Ketika kita memperlakukan diri kita dengan terbiasa ‘tidak baik’, maka akan menjadi satu momen atau jadi suatu hal, yang mungkin sangat tidak nyaman bagi orang-orang yang ‘sadar-enggak sadar’ lari atau berusaha lari dari dirinya sendiri, berusaha lari dari perasaannya sendiri, berusaha lari dari PR PR sendiri kayak yang biasanya ‘cuek’in diri. Misalnya ada beberapa orang yang punya ‘copying skill’ itu berupa misalnya ‘kalau sakit udahlah jangan dirasa-rasa’. Nah itu, Insyaallah pas lagi puasa tuh kerasa banget, sakit-sakitnya muncul, dan akan terus bakalan gitu.

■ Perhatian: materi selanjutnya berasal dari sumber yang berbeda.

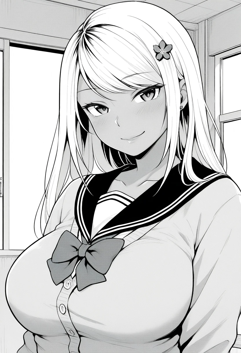 • yoshizawaww, gyaru, mature female, dark-skinned female, tan, blue eyes, blonde hair, long hair, swept bangs, hair flower, earrings, large breasts,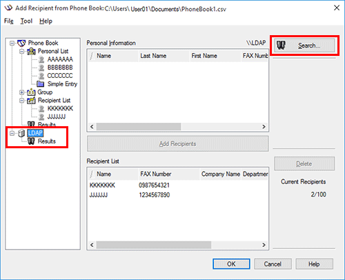 If you are using the LDAP server or the Active Directory of Windows Server, you can search for a recipient on the server.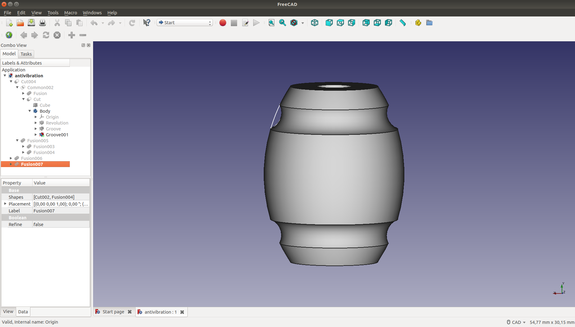 I designed a small vibration damping element in FreeCad that was intended for my final project. In fact I did mill the cast for the damper in this assignment, but in the end, I didn't use it in my final project. I created the damper design by rotating a sketch in FreeCAD. Then I created a cube on its left and right side each and subtracted the object from the cubes, resulting in two shapes that form a mold for the object. Then I added pins and pockets that hold both sides together.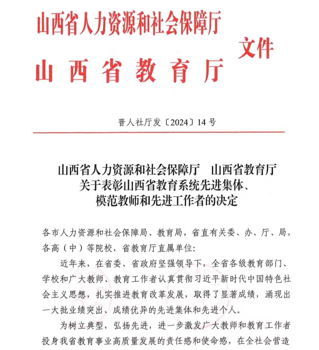 近日,山西省人力资源和社会保障厅、山西省教育厅联合下发《关于表彰山西省教育系统先进集体、模范教师和先进工作者的决定》(晋人社厅发[2024]14号),beat365田艳花老师荣获“山西省教育系统模范教师”称号。

Ada orang-orang yang salah satu kekhawatiran mereka kalau memulai puasa. Terutama di bagian awal-awal puasa itu biasanya kalau punya penyakit-penyakit pencernaan, biasanya kambuh. Jadi iya, itulah termasuk PR yang kita abaikan di hari-hari sebelumnya, itu kalau adanya extra degree of self awareness. Sebenarnya kalau di sisi spiritual, kita bisa melihatnya Ini adalah cara Allah untuk melalui diri kita sendiri sehingga dengan adanya puasa (dan ini baru satu yang bisa kuasa kita lakukan kepada tubuh kita, ini tuh baru extra degree of self awareness, dan masih banyak banget keutamaan puasa lainnya dan kebaikan kebaikan puasa lainnya). Ya, maksudnya melalui syariat ini, yang dari Allah yang Maha Agung dan Maha bijaksana ini sebenarnya kita tuh diberikan kesempatan untuk lebih mudah aware sama diri kita sendiri.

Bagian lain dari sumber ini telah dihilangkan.